Nem todas as mulheres que são orientadas para o relacionamento, mulheres do tipo da deusa vulnerável, têm sonhos de vítima. Como as fases das próprias deusas, as mulheres que se assemelham a essas deusas podem passar por um período de vida durante o qual sentem-se seguras e fora de perigo. Sua vida onírica pode ser da mesma forma agradável. Contudo, algumas mulheres têm sonhos de vítima em boas épocas, como que para lembrá-las de sua vulnerabilidade. Em qualquer caso, os sonhos das mulheres vulneráveis são cheios de pessoas e freqüentemente acontecem dentro de edifícios. Tais sonhos evocam tanto memórias de vínculos emocionais passados como descrevem relacionamentos presentes em termos simbólicos.

Padrões de vida e comportamento

Cada uma das três deusas vulneráveis tem em sua mitologia uma fase feliz e realizada; uma fase durante a qual ela foi vitimada, sofreu e foi sintomática; e uma fase de restauração ou transformação. Cada uma representa um estágio na vida da mulher através do qual ela pode passar rapidamente ou no qual pode permanecer por certo espaço de tempo.

A mulher que descobre ser como Hera, Deméter ou Perséfone pode aprender mais sobre si própria, sobre suas forças, suscetibilidades e potencialidades negativas, compreendendo os paralelos que existem entre ela e essas deusas arquetípicas. Se pode aprender predizer seus próprios problemas, pode se livrar de algum sofrimento.
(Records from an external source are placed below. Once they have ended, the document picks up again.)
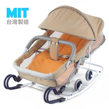YBL 台灣製造MIT 坐躺兩用雙管加寬型彈搖床(附蚊帳)-粉橘色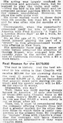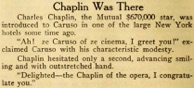 Charles Chaplin, the Mutual $670,000 star, was introduced to Caruso in one of the large New York hotels some time ago.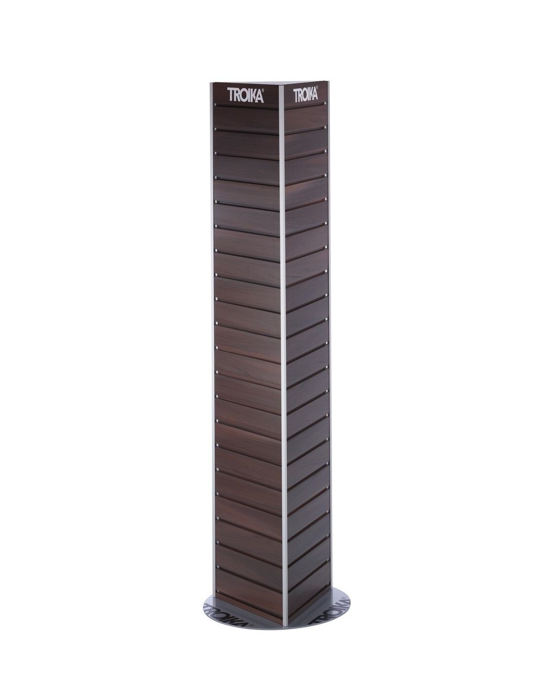 Bodendisplay zur Selbstbedienung, dreiseitige Lamellenwand, Holzoptik, für Eurohaken (10F306, 10F307, 10F308, 10F312), für Regalboden (10F309, 10F311), Standfuß (rund), mit TROIKA-Logo, drehbar, Kunststoff/Aluminium/Stahl, matt, braun/silber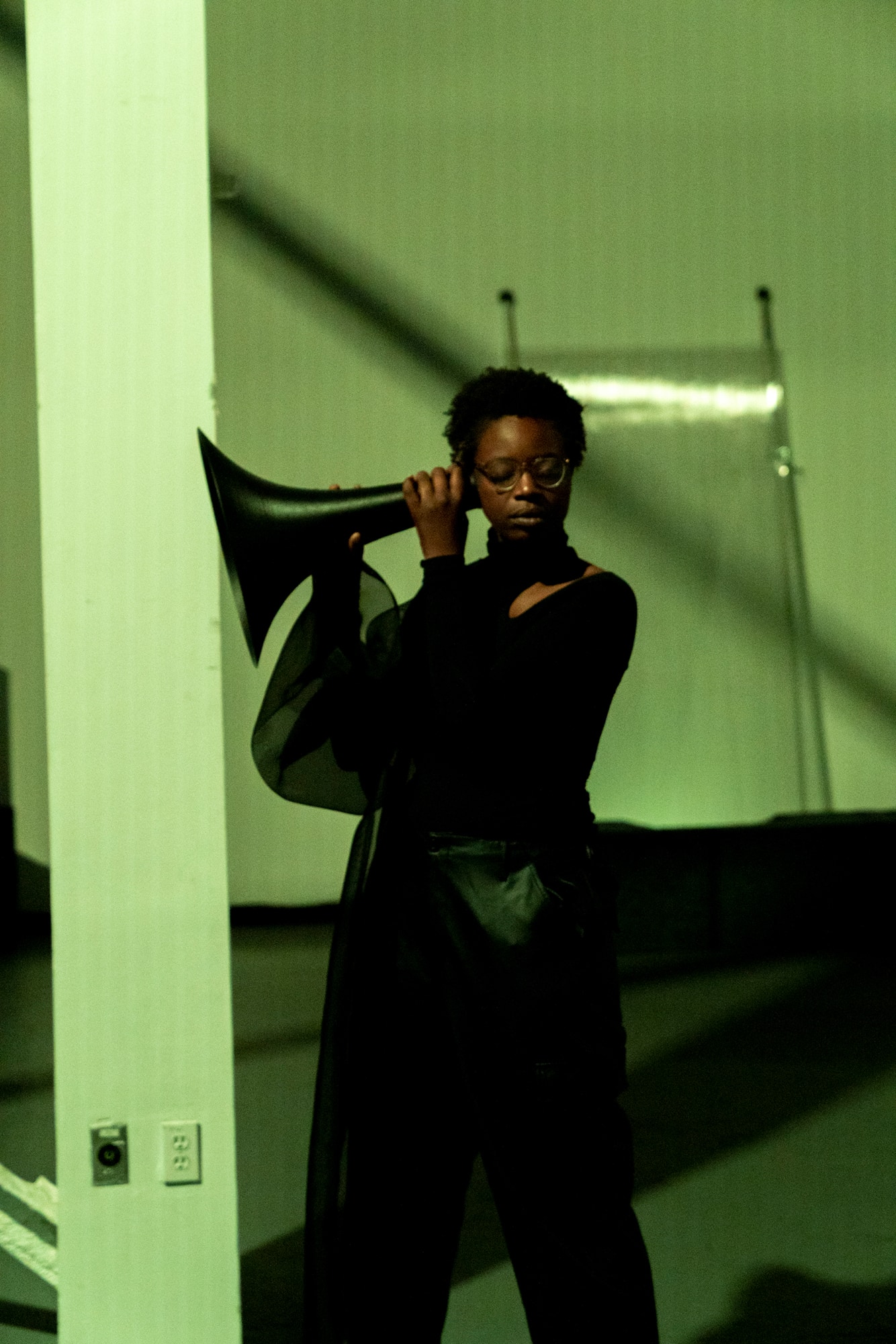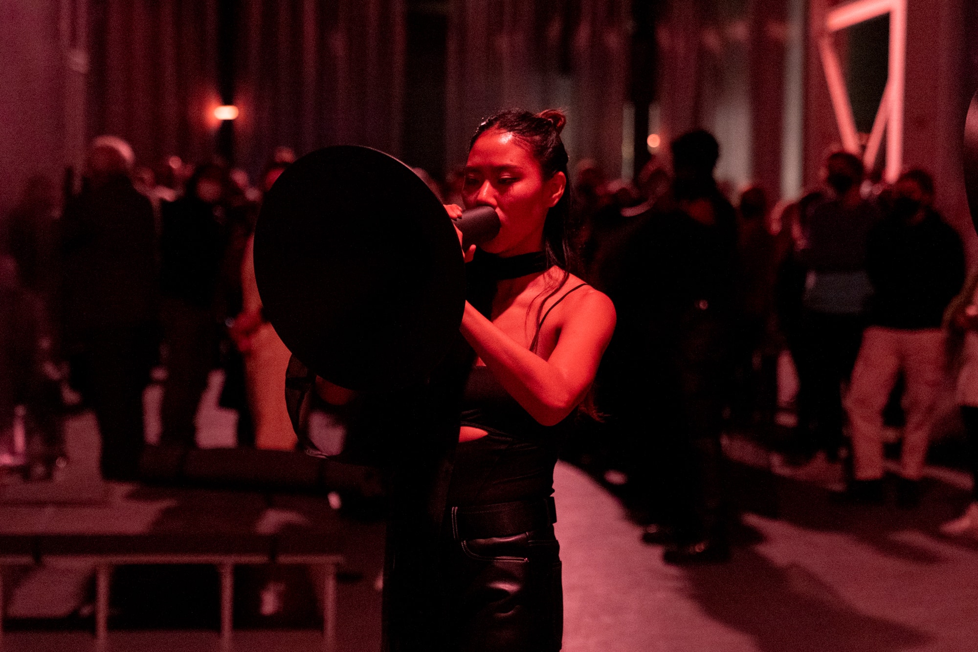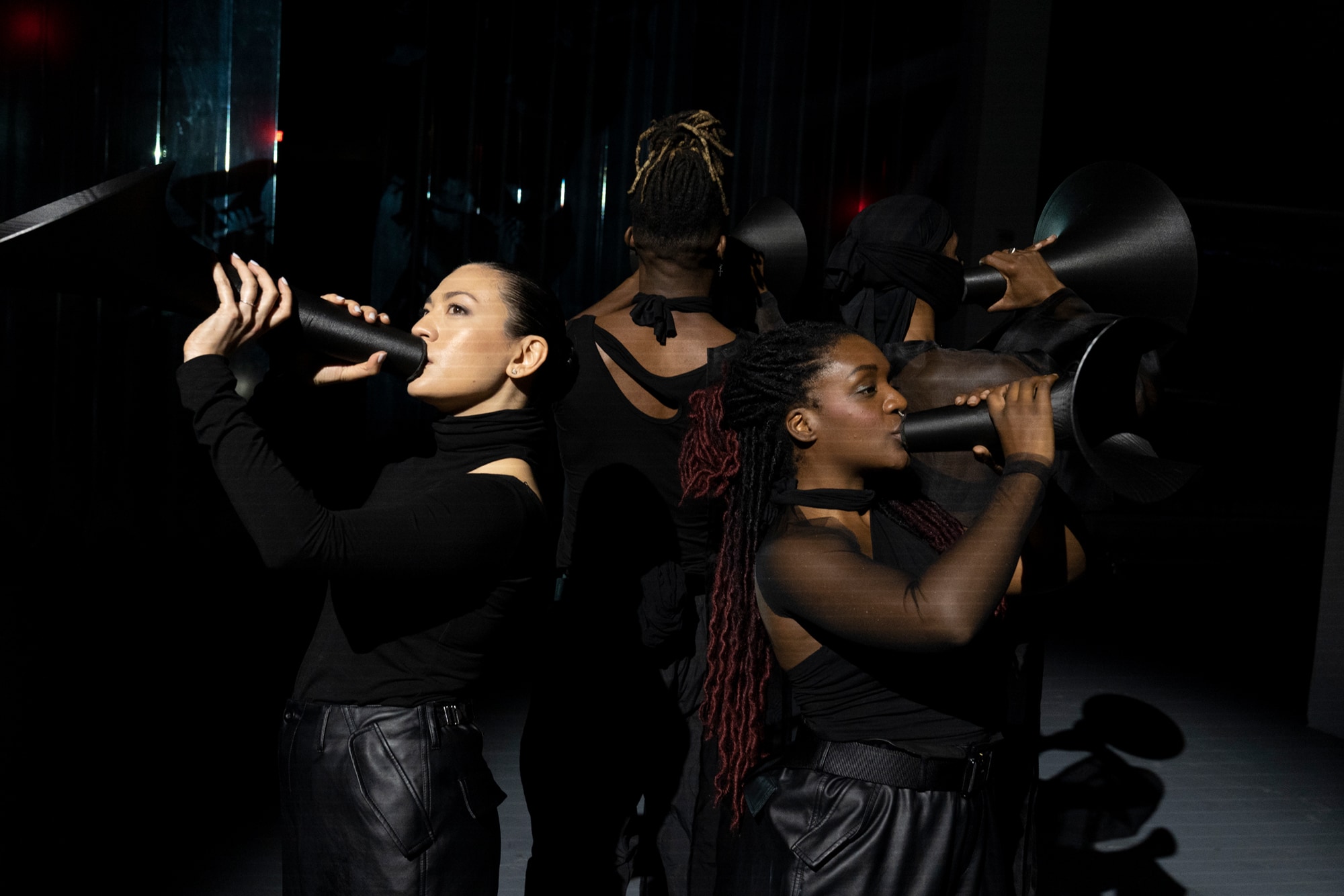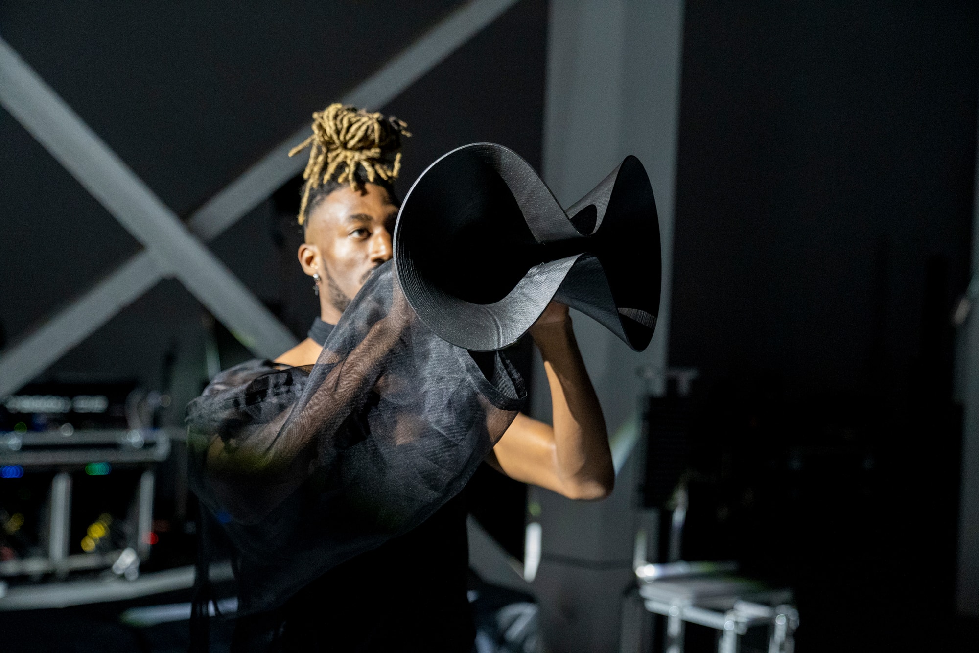 In this performance installation, The Geffen Warehouse is transformed into collective listening zones that are activated by human voices, subaudible subwoofers, architectural resonances, and psychoacoustic beats. Fure plays live on a rig of speaker cones that pulsate the air. And 14 performers with 3D-printed megaphones flock in formations throughout the crowd, modeling cooperation and sending slivers of white noise straight to the skin.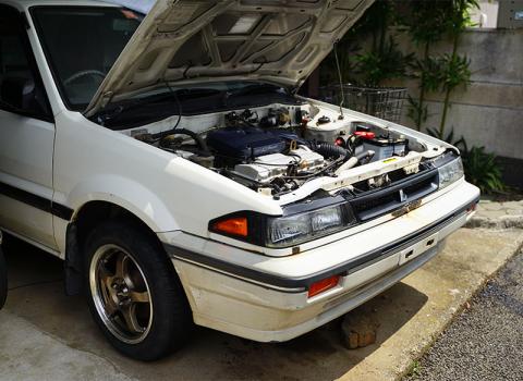 26年間放っておいた車…日産ラングレーも色々ダメになっていたが雨に当たっていた箇所が限られたおかげでわりと軽整備でエンジンはかかった。しかしオイルは回らねえわ冷却水は垂れ流すわ。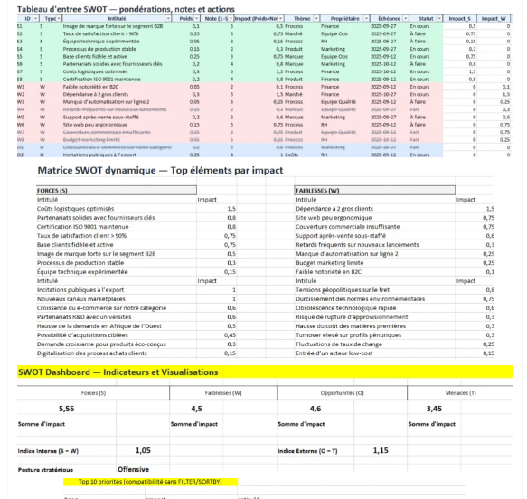 - Colonnes pour remplir les éléments SWOT (Forces, Faiblesses, Opportunités, Menaces).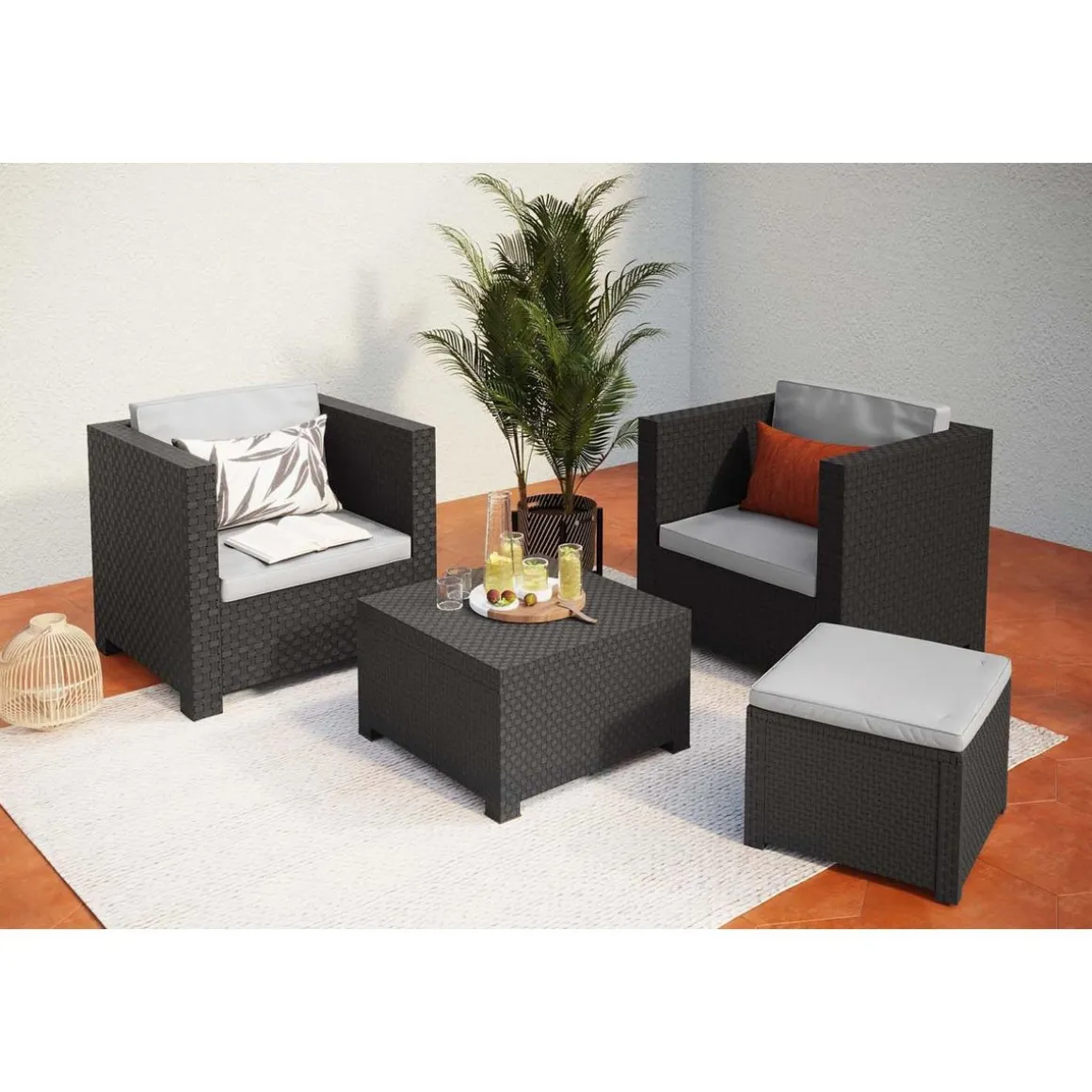 Intemporel et design, ce salon de jardin en resine tressee comprend egalement une table basse et un pouf, ideal pour recevoir vos convives pour des moments chaleureux!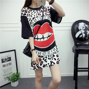 歐洲站2016新款韓版時尚大嘴唇豹紋印花中長款寬松t恤女裝針織衫 /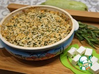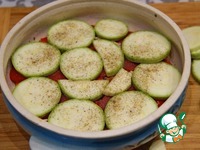 Форму для запекания смазать маслом, выложить половину кабачков, слегка посолить и поперчить. |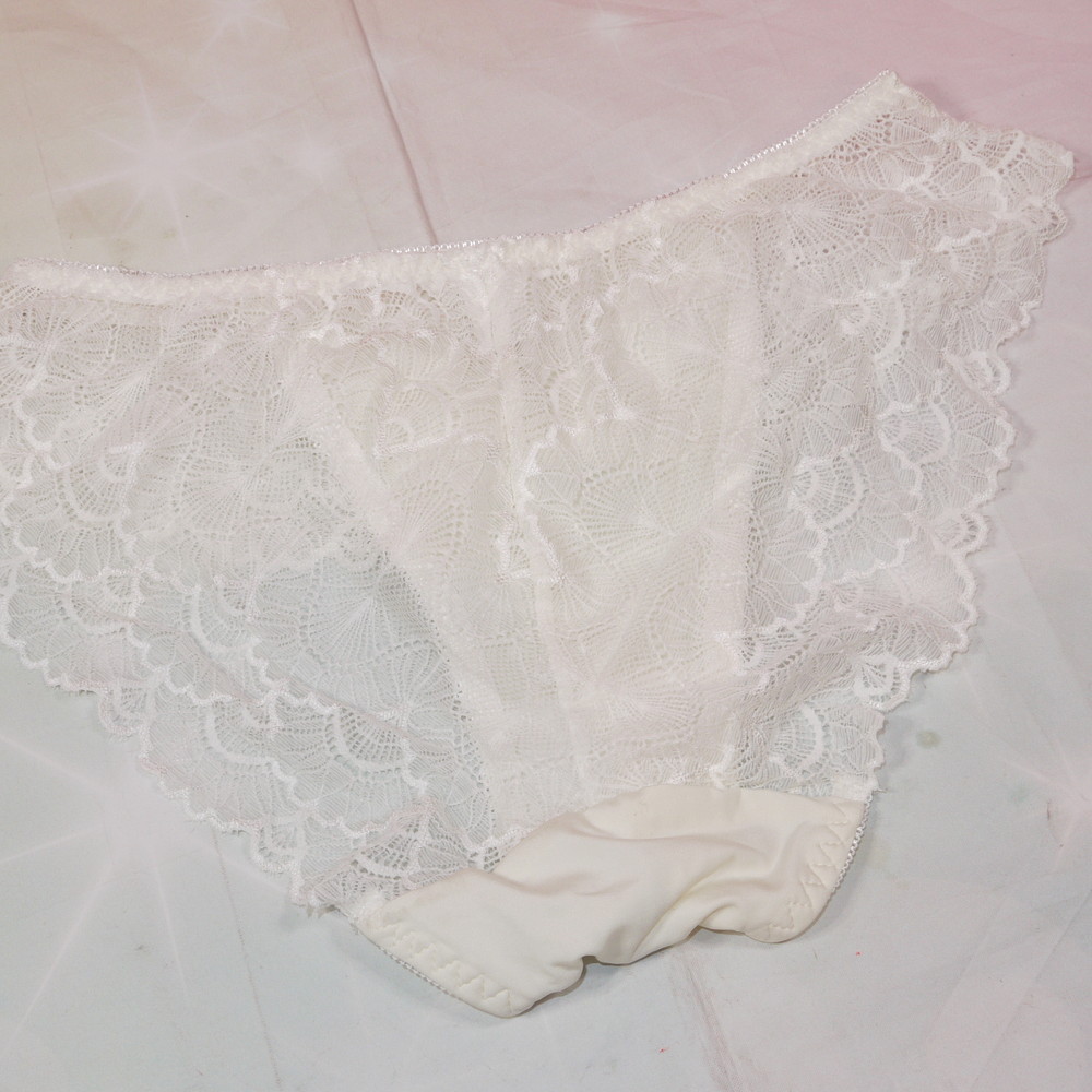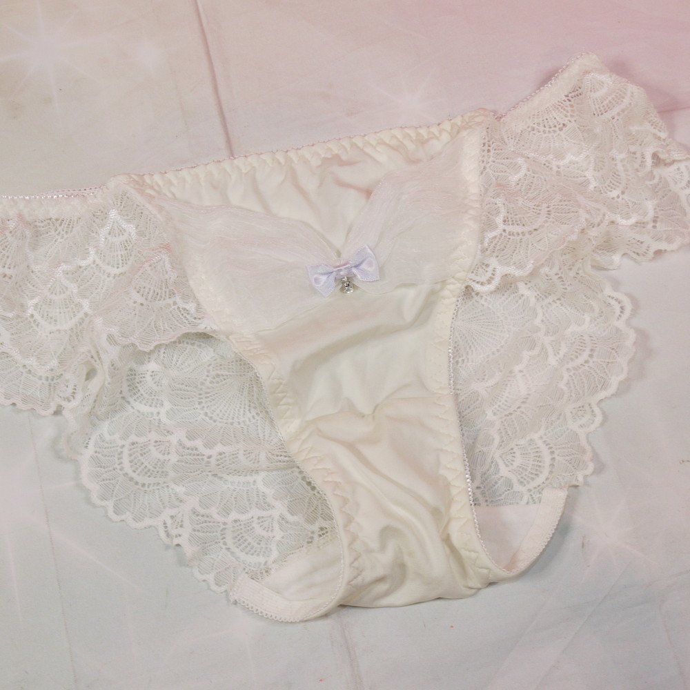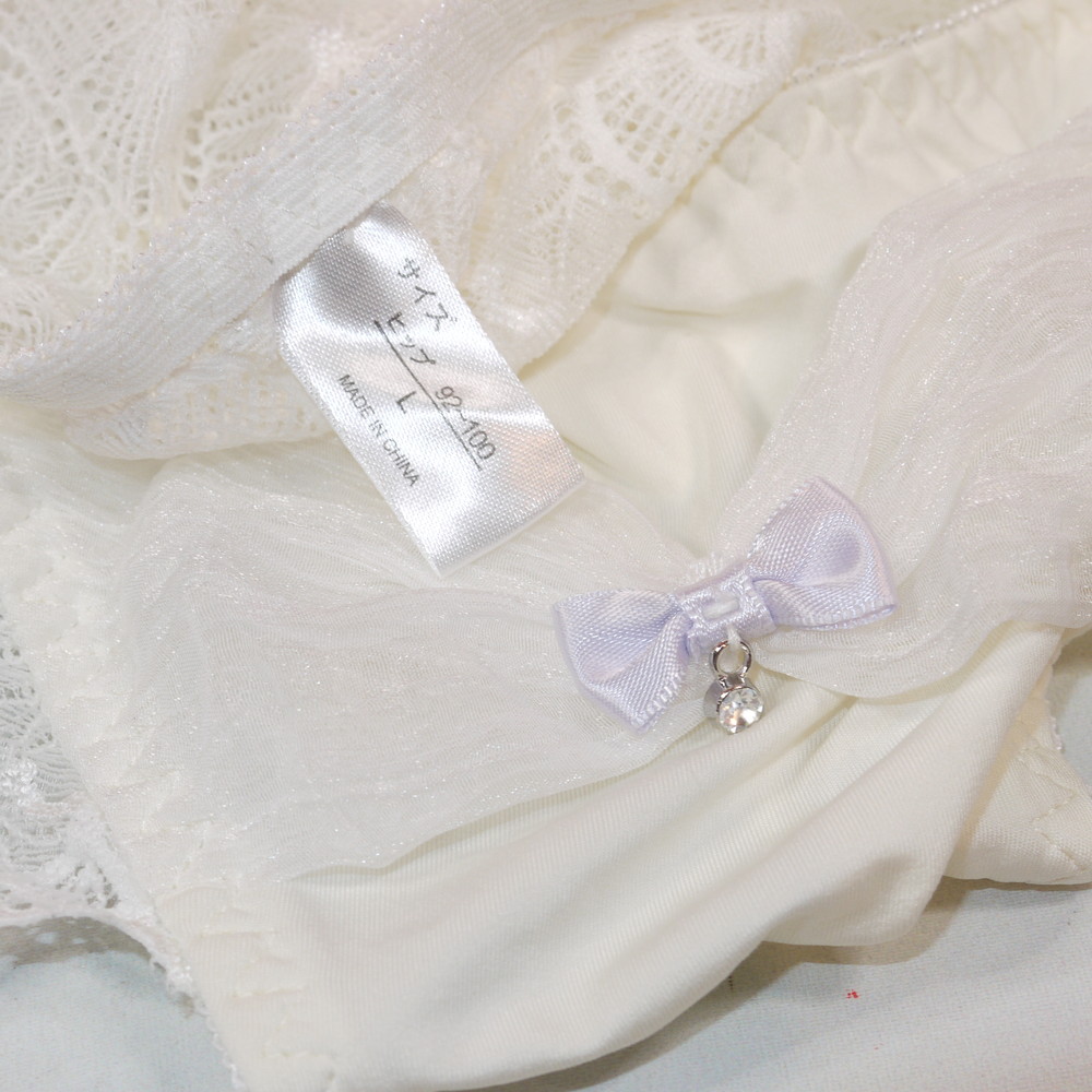 【Bランク/新古美品】:Lサイズ ★ 純粋香る白×透尻レース お嬢様系パンティ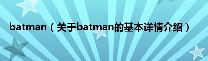 本文关于batman的基本详情介绍就讲解完毕,希望对大家有所帮助。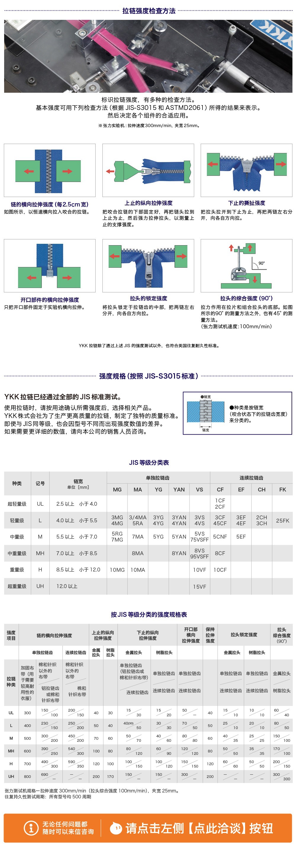 YKK拉鏈強度監(jiān)測方法和詳細數(shù)據(jù)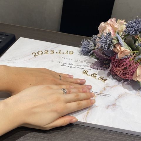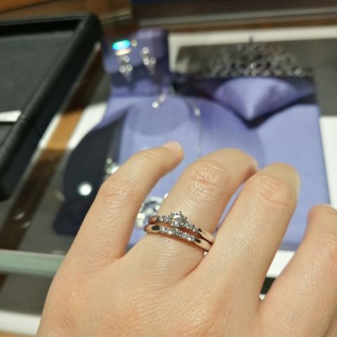 いろんなお店を見て回りましたが、最終的にダイヤの輝きが美しかったので決めました。婚約指輪の方は他店と同じ価格帯で、0.2〜3カラットほど大きいダイヤが購入できました。メンズ用の結婚指輪もさまざまなデザインがあり、夫も納得して指輪を選べたようで大満足です。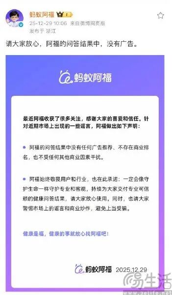 “阿福的问答结果中没有任何广告推荐、不存在商业排名,也不受任何其他商业因素干扰”,针对外界猜测回答结果中是否会有商业广告,蚂蚁集团的AI健康应用“蚂蚁阿福”日前做出了这样硬气的声明。

Por exemplo, a mulher tipo Hera pode evitar muito sofrimento ao não se permitir ser impelida insensatamente ou prematuramente para o casamento. Precisa aprender como julgar o temperamento e a capacidade de amar antes de se casar, porque seu destino será determinado por seu marido. Da mesma forma, a mulher tipo Deméter deve ser clara quanto às circunstâncias em que tornaria grávida e deve tomar precauções antes, porque a deusa nela presente - sentida como um instinto maternal compulsivo - não tem nada a ver com as conseqüências. E uma jovem mulher Perséfone faria bem em se mudar do lar para a faculdade ou trabalho, de tal forma que tenha oportunidade de crescer para além da submissa filhinha da mamãe.

Desenvolvendo-se além das deusas vulneráveis

Embora as deusas vulneráveis não personifiquem qualidades que conduzem à realização, a mulher na qual esses arquétipos vivem pode crescer para além deles.

Ela pode descobrir suas qualidades de Atenas ou de Ártemis, ou descobrir que competência e competição no mundo vêm através do desenvolvimento do que a ela parece o aspecto masculino de si mesma. E pode explorar dimensões espirituais e sensuais associadas com Héstia, deusa da lareira, e com Afrodite, deusa do amor. Os três capítulos seguintes aprofundam as mitologias e características de Hera, Deméter e Perséfone. Cada capítulo descreve os padrões arquetípicos que personifica, e cada um mostra como uma deusa não só influencia a vida das mulheres nas quais ela vive, mas também afeta os outros que estão relacionados com tais mulheres, como cônjuges, pais, amigos, amantes ou filhos.

Toda mulher que já sentiu ímpeto de se casar, ou teve um filho, ou sentiu que estava esperando que alguma coisa acontecesse para mudar sua vida - o que inclui exatamente todas as mulheres - descobrir-se-á aparentada com uma das deusas vulneráveis em algum ponto de sua vida.